WHAT YOU SHOULD DO — Your copy should match the listing below exactly, except that it holds no images.

[Start of section]

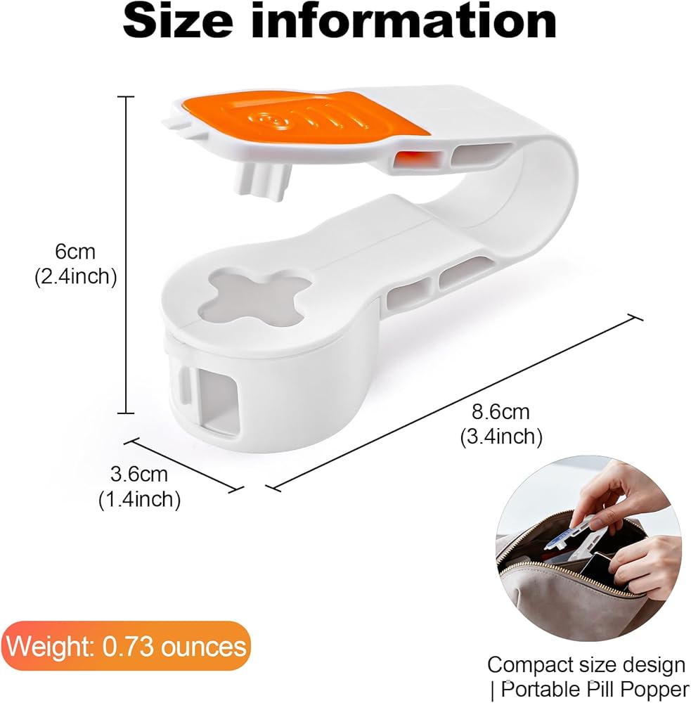 VALUE PACK: Includes 2 portable pill poppers in blue and orange colors for multiple locations or backup use A tool for assisting in the removal of pills
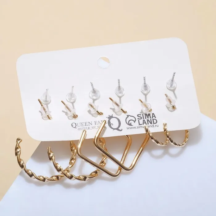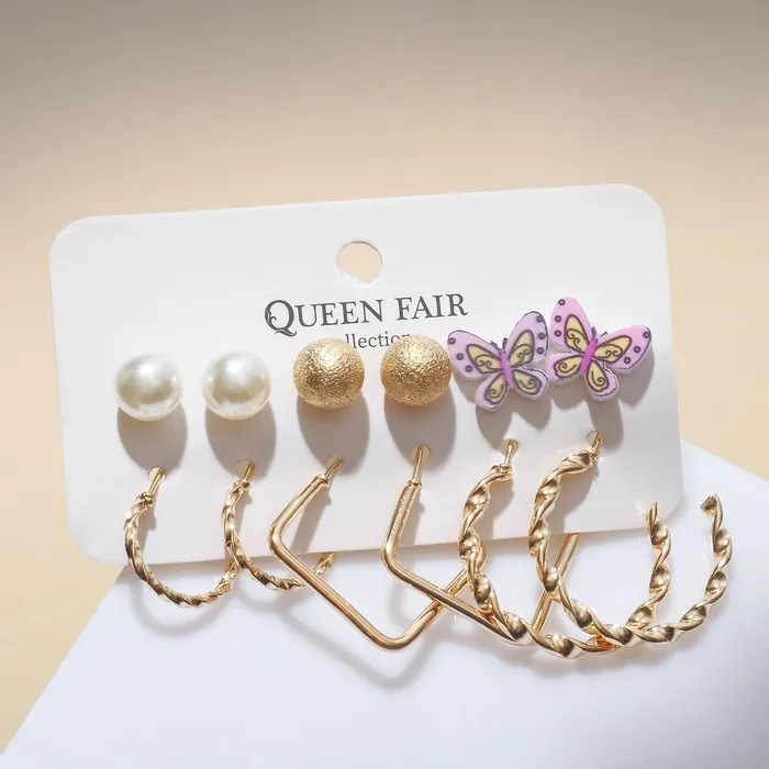 Серьги набор 6 пар «Ассорти» бабочки, цвет бело-розовый в золоте — Характеристики
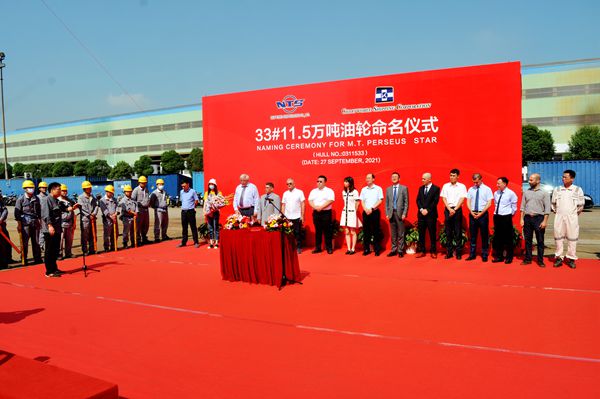 上午,東區(qū)船舶舾裝碼頭區(qū)域,彩旗飄飄、樂聲隆隆,33#115000噸油船身著盛裝靜靜地?吭诖a頭旁。10:18,命名儀式開始,公司總經(jīng)理劉海金、常務(wù)副總經(jīng)理張玉永、副總經(jīng)理袁衡、圣母薛敏女士與希臘船東Chartworld公司代表Jagor Kalinic,勞氏船級社及中國船級社江蘇分社代表等嘉賓代表共同出席活動。常務(wù)副總經(jīng)理張玉永主持儀式;船東Chartworld公司代表Jagor Kalinic致辭;圣母薛敏女士將33#115000噸油船命名為“PERSEUS STAR”號,并擲香檳、揭船名紅幕,祝愿新船前程似程,一帆風順。命名儀式結(jié)束后,嘉賓們一起登上新船參觀,對新建成的船舶稱贊不己。
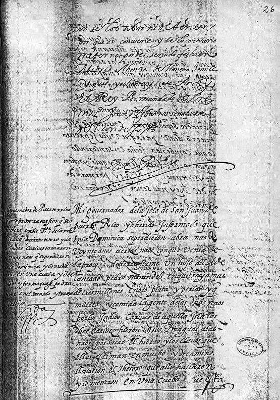 Arrivent alors simultanément jusqu'au Conseil des Indes les dépositions de deux témoins oculaires, anciens prisonniers des Caraïbes et qui affirment qu'il s'y trouve une grotte remplie d'or, d'argent et de bijoux.
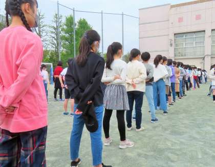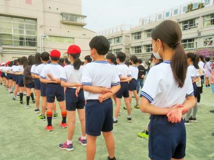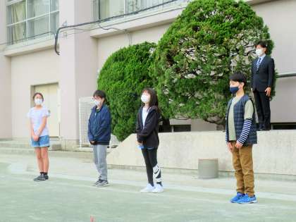 写真は、6年生のあいさつ、4年生、5年生の集中した立ち姿です。
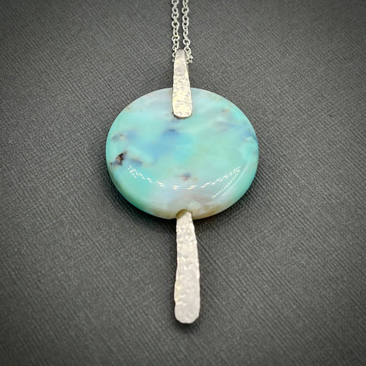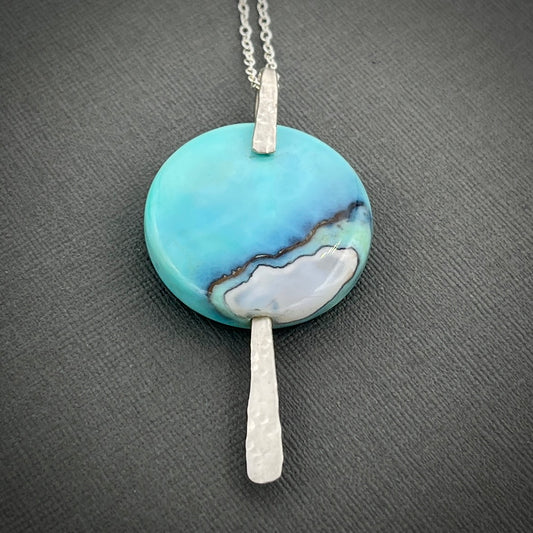 Hand Forged Sterling Silver Ocean Blue Agate Gemstone Pendant Necklace
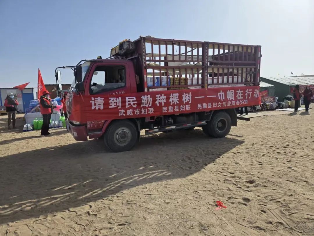 烈日当空,民勤县收成镇沙丘连绵处,数百名志愿者正挥锹培土,新栽的梭梭苗在春风中舒展嫩枝。不远处,两辆满载物资的货车驶入营地,鲜艳的“巾帼志愿者”红马甲在黄沙中格外醒目......
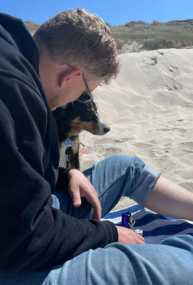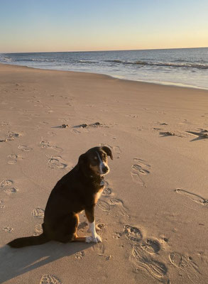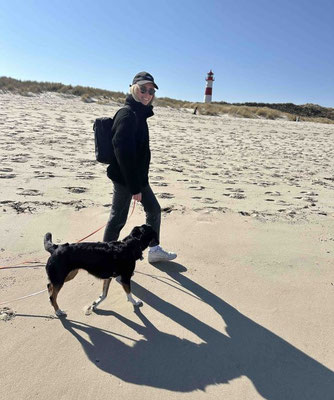 Im März letzten Jahres hat Gila mit dem linken Bein angefangen zu humpeln. Daraufhin wurde bei ihr eine angeborene Hüftdysplasie auf beiden Seiten diagnostiziert. Das war natürlich erstmal ein großer Schock für uns. Zum Glück haben wir einen guten Tierarzt mit Spezialisierung auf Orthopädie gefunden. Zuerst wurde es konservativ mit Tabletten und Co therapiert, weil sie noch im Wachstum war. Im August wurde Gila dann aber operiert. Es wurde eine Femurkopfresektion durchgeführt. Das hat sie gut überstanden und konnte 6 Wochen später im Urlaub auf Sylt schon wieder rumrennen.

[End of section]

SOLUTION TO THIS PROBLEM —
 VALUE PACK: Includes 2 portable pill poppers in blue and orange colors for multiple locations or backup use A tool for assisting in the removal of pills
 Серьги набор 6 пар «Ассорти» бабочки, цвет бело-розовый в золоте — Характеристики
 上午,東區(qū)船舶舾裝碼頭區(qū)域,彩旗飄飄、樂聲隆隆,33#115000噸油船身著盛裝靜靜地?吭诖a頭旁。10:18,命名儀式開始,公司總經(jīng)理劉海金、常務(wù)副總經(jīng)理張玉永、副總經(jīng)理袁衡、圣母薛敏女士與希臘船東Chartworld公司代表Jagor Kalinic,勞氏船級社及中國船級社江蘇分社代表等嘉賓代表共同出席活動。常務(wù)副總經(jīng)理張玉永主持儀式;船東Chartworld公司代表Jagor Kalinic致辭;圣母薛敏女士將33#115000噸油船命名為“PERSEUS STAR”號,并擲香檳、揭船名紅幕,祝愿新船前程似程,一帆風順。命名儀式結(jié)束后,嘉賓們一起登上新船參觀,對新建成的船舶稱贊不己。
 Arrivent alors simultanément jusqu'au Conseil des Indes les dépositions de deux témoins oculaires, anciens prisonniers des Caraïbes et qui affirment qu'il s'y trouve une grotte remplie d'or, d'argent et de bijoux.
 写真は、6年生のあいさつ、4年生、5年生の集中した立ち姿です。
 Hand Forged Sterling Silver Ocean Blue Agate Gemstone Pendant Necklace
 烈日当空,民勤县收成镇沙丘连绵处,数百名志愿者正挥锹培土,新栽的梭梭苗在春风中舒展嫩枝。不远处,两辆满载物资的货车驶入营地,鲜艳的“巾帼志愿者”红马甲在黄沙中格外醒目......
 Im März letzten Jahres hat Gila mit dem linken Bein angefangen zu humpeln. Daraufhin wurde bei ihr eine angeborene Hüftdysplasie auf beiden Seiten diagnostiziert. Das war natürlich erstmal ein großer Schock für uns. Zum Glück haben wir einen guten Tierarzt mit Spezialisierung auf Orthopädie gefunden. Zuerst wurde es konservativ mit Tabletten und Co therapiert, weil sie noch im Wachstum war. Im August wurde Gila dann aber operiert. Es wurde eine Femurkopfresektion durchgeführt. Das hat sie gut überstanden und konnte 6 Wochen später im Urlaub auf Sylt schon wieder rumrennen.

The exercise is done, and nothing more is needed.